Industry associations respond to revelations that CBA CEO Matt Comyn supports a flat-fee for brokers
Industry associations say they were not surprised to learn that CBA had been seriously considering implementing a flat-fee model for brokers since at least 2016, but they claim the bank’s drive to axe commissions was not in the consumers’ best interest but its own.
“The proposal to adopt the Netherlands strategy is designed to maximise lender revenue,” said MFAA CEO Mike Felton in a statement.
“Under this model, broker customers pay the broker’s costs – instead of the bank – or branch customers pay a new fee that will substantially add to the bank’s revenue line and add thousands of dollars to the cost of getting a home loan from a lender directly.”
Felton said the flat-fee model is “anti-competitive” and “entirely self-serving”.
“Frankly, we were surprised that it is being suggested that one of the major lenders should be tasked with reforming Australia’s home lending market, given the revelations of the past 12 months,” he said.
Stephen Dinte, a steering committee member with the Independent Finance Brokers Forum, says the latest figures show that brokers have been instrumental in reducing the market share of the big four.
“Little wonder they want to push us into extinction. An obvious way to do that is promoting this flat fee model and/or fee for service,” he said.
AFG’s Mortgage Index for the first quarter of this financial year found that while the major lenders still hold 60% market share of AFG broker-originated loans, it is well below the high 70’s from 2013. Furthermore, the non-majors sit at historical highs with about 40% market share.
“Suggesting that by reducing commissions, the bank could redirect the savings towards lower interest rates for borrowers is a huge furphy,” Dinte said. “The big four have been stealthily attempting to increase their margins for years, to justify paying themselves higher bonuses.”
Even if consumers had to pay both brokers and bankers the same upfront fee, it wouldn’t level the playing field. Unlike brokers, in-house branch lenders wouldn’t have to worry about paying rent, staff and the electricity bill since all those overheads are already paid for by the bank, Felton noted.
“The average broker earns $86,400 per year before tax. If you reduce those earnings by two-thirds, as CBA has evidently considered, and force consumers to pay for brokers’ services, the broker channel would be annihilated,” he said.
The Combined Industry Forum has been advocating for reforms that directly address the key issues raised by the ASIC remuneration review and Sedgwick report. Dinte is hopeful that the proposals around remuneration will be enough to satisfy the royal commission.

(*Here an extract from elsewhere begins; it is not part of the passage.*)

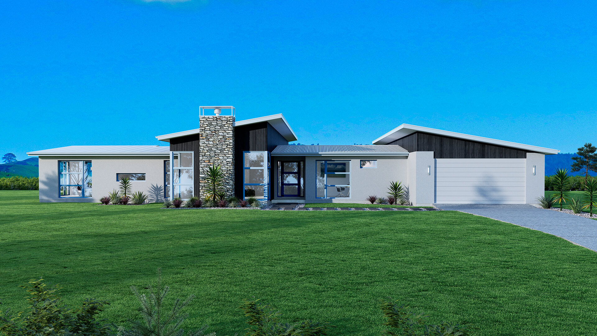 The Kawarau with a Mono roofline delivers a sleek, modern profile and spacious interiors. The single-sloped roof allows for soaring ceilings and large windows that brighten the open-plan living areas. With four bedrooms, including a master suite, and versatile spaces for family needs, this design suits contemporary lifestyles
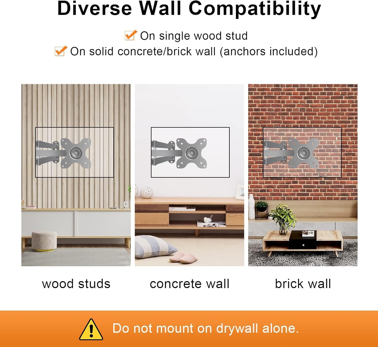 - OPTIMAL VIEWING ANGLE - The universal TV wall bracket is designed to tilt up and down +/-15° and rotate 90° left and right for maximum viewing flexibility. You can easily find the angle that suits you best, and it can also reduce your back and neck fatigue.

“Regardless, finance brokers are, and always have been, the low fruit on the tree and are the ones who always end up losing financially. The banks used the GFC as an excuse to cut upfront commissions by around 15% and reduce trails by a whopping 40%,” Dinte said.
“The current events are just another attempt to drive down broker remuneration. If successful, they will drive out the vast number of existing brokers, and mark the death knell for new to industry participants.”
Dinte believes that what the banks are really threatened by is the fact that brokers build lifelong relationships with clients, and are there to help them with all their finance needs outside of regular business hours, which the banks can’t compete with.
“It is our ability to create relationships with clients that has seen us generate the vast volumes of business such that we are approaching 55% of all new lending,” he said.
“We are there through the client’s various stages of life. [The banks] may knock us down, but they will never knock us out.”